◆ Exercise requirements
Without the pictures, print the lines running from the beginning of the material to the line containing "Unsure if 6V6G", both ends included.

◆ Input material
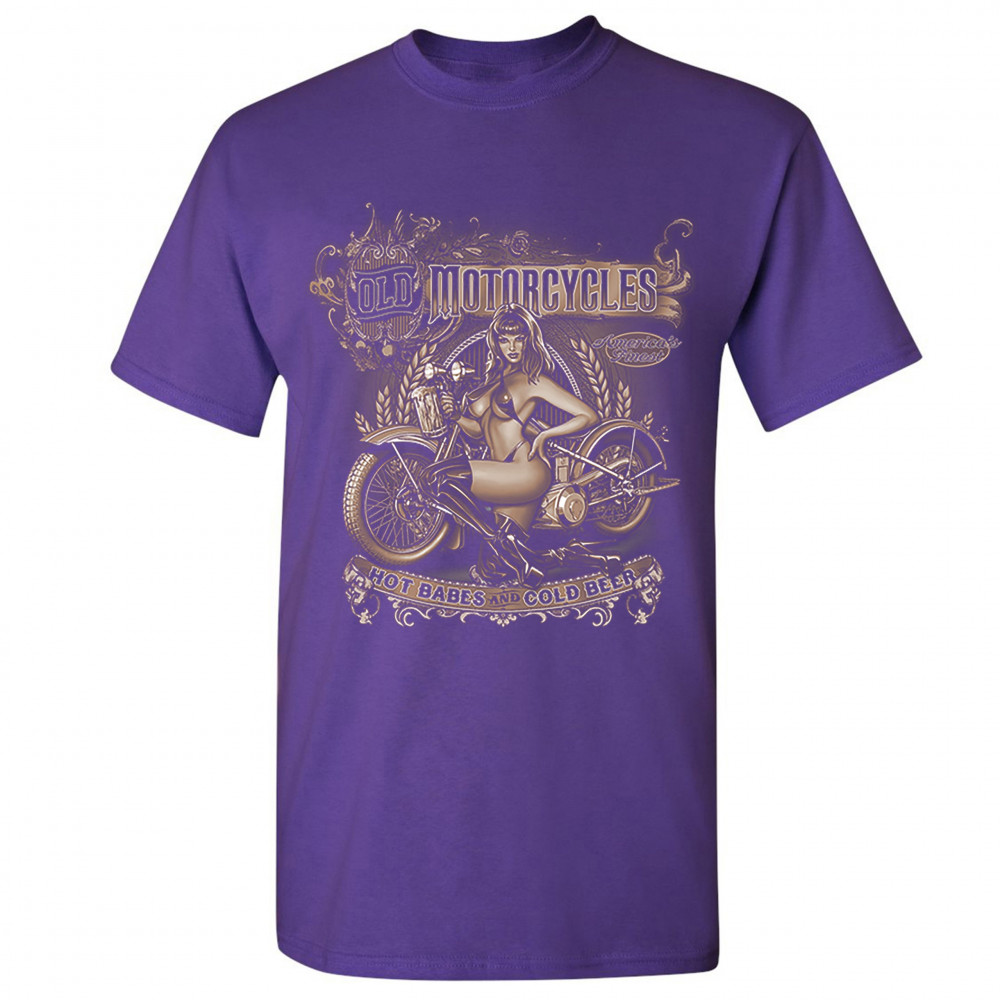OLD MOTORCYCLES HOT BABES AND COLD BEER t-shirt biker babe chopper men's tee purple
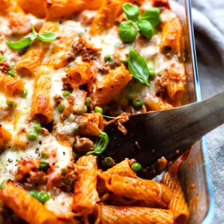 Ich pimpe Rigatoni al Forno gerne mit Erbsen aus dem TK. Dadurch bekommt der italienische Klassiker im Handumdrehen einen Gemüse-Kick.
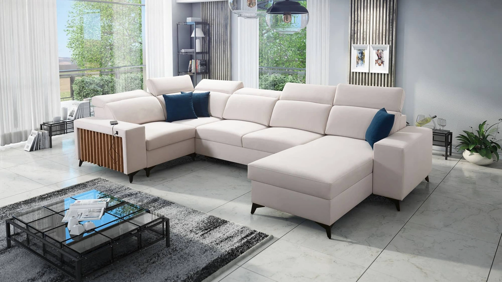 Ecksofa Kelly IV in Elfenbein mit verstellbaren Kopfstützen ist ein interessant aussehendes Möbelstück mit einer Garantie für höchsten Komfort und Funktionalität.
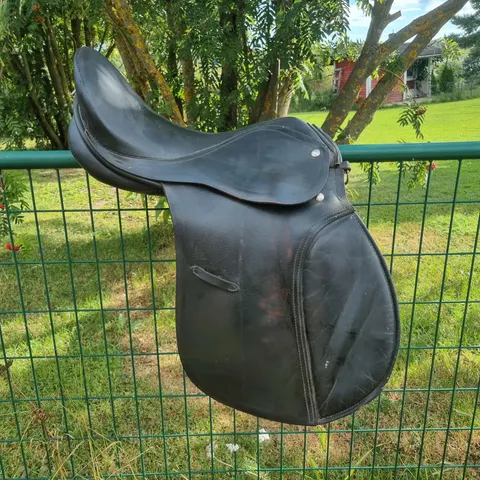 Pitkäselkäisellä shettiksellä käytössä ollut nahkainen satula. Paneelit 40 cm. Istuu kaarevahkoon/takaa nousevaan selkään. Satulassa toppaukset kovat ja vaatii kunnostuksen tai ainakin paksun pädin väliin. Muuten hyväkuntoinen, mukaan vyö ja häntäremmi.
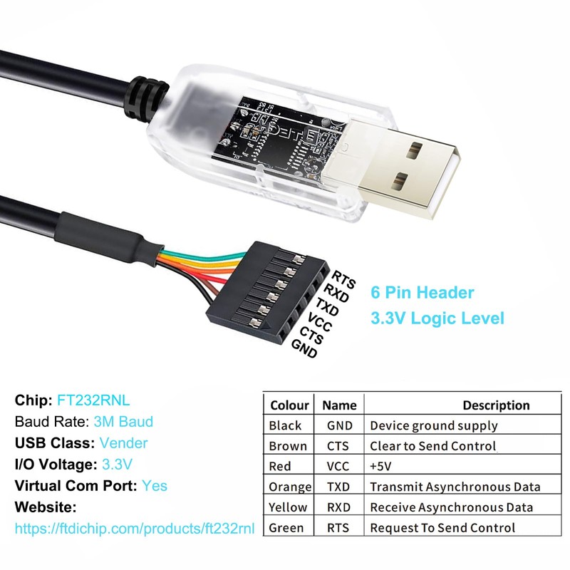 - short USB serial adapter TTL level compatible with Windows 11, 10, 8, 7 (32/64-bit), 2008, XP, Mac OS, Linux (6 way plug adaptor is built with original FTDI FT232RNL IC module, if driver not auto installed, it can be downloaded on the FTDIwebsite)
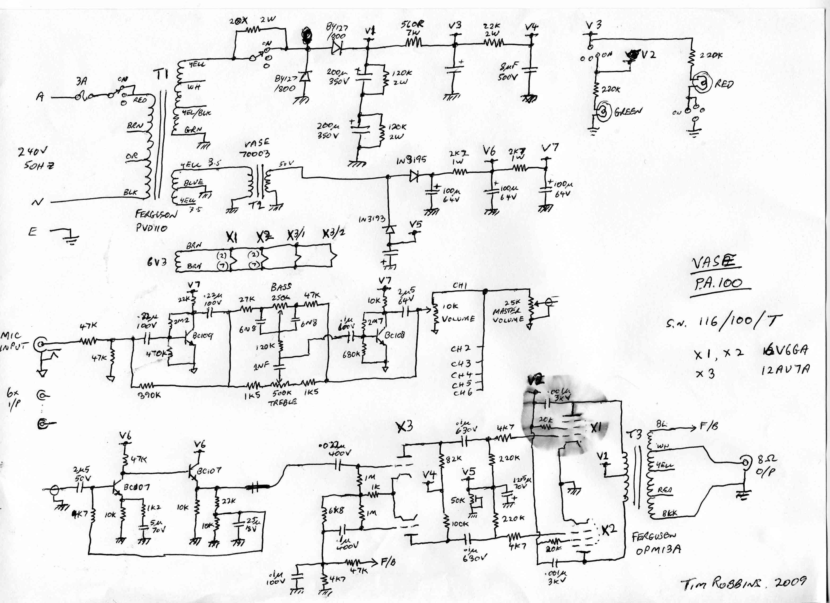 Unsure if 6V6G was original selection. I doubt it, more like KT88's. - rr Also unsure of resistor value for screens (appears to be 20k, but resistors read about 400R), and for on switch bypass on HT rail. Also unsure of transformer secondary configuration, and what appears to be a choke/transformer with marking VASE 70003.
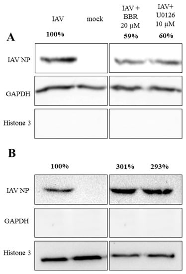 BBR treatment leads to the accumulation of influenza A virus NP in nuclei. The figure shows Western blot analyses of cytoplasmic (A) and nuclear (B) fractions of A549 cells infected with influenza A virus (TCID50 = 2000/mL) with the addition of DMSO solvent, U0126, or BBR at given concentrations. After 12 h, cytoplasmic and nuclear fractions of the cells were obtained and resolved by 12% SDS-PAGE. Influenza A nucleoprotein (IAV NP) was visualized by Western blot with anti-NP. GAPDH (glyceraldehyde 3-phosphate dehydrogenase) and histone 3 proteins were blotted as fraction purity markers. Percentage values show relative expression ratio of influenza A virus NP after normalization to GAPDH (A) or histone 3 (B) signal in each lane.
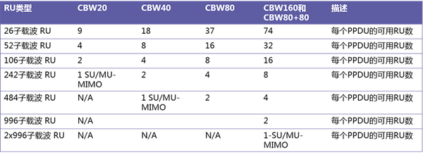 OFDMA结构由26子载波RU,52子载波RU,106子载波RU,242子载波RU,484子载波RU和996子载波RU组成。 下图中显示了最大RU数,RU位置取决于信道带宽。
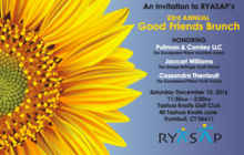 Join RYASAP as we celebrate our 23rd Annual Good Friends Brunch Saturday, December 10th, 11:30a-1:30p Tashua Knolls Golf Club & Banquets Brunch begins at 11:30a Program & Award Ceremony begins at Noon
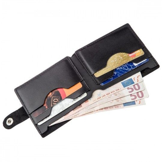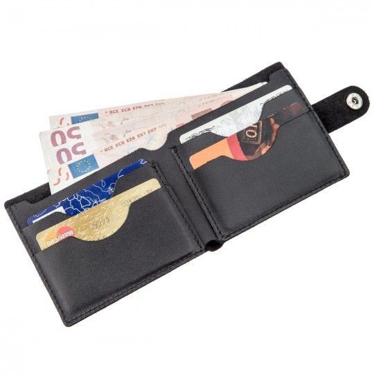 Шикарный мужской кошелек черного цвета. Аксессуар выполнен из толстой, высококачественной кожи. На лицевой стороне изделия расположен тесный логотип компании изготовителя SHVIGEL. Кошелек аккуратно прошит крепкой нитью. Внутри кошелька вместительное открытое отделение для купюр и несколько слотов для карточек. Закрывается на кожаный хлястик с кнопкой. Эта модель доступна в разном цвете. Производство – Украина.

◆ Result of the task
OLD MOTORCYCLES HOT BABES AND COLD BEER t-shirt biker babe chopper men's tee purple
 Ich pimpe Rigatoni al Forno gerne mit Erbsen aus dem TK. Dadurch bekommt der italienische Klassiker im Handumdrehen einen Gemüse-Kick.
 Ecksofa Kelly IV in Elfenbein mit verstellbaren Kopfstützen ist ein interessant aussehendes Möbelstück mit einer Garantie für höchsten Komfort und Funktionalität.
 Pitkäselkäisellä shettiksellä käytössä ollut nahkainen satula. Paneelit 40 cm. Istuu kaarevahkoon/takaa nousevaan selkään. Satulassa toppaukset kovat ja vaatii kunnostuksen tai ainakin paksun pädin väliin. Muuten hyväkuntoinen, mukaan vyö ja häntäremmi.
 - short USB serial adapter TTL level compatible with Windows 11, 10, 8, 7 (32/64-bit), 2008, XP, Mac OS, Linux (6 way plug adaptor is built with original FTDI FT232RNL IC module, if driver not auto installed, it can be downloaded on the FTDIwebsite)
 Unsure if 6V6G was original selection. I doubt it, more like KT88's. - rr Also unsure of resistor value for screens (appears to be 20k, but resistors read about 400R), and for on switch bypass on HT rail. Also unsure of transformer secondary configuration, and what appears to be a choke/transformer with marking VASE 70003.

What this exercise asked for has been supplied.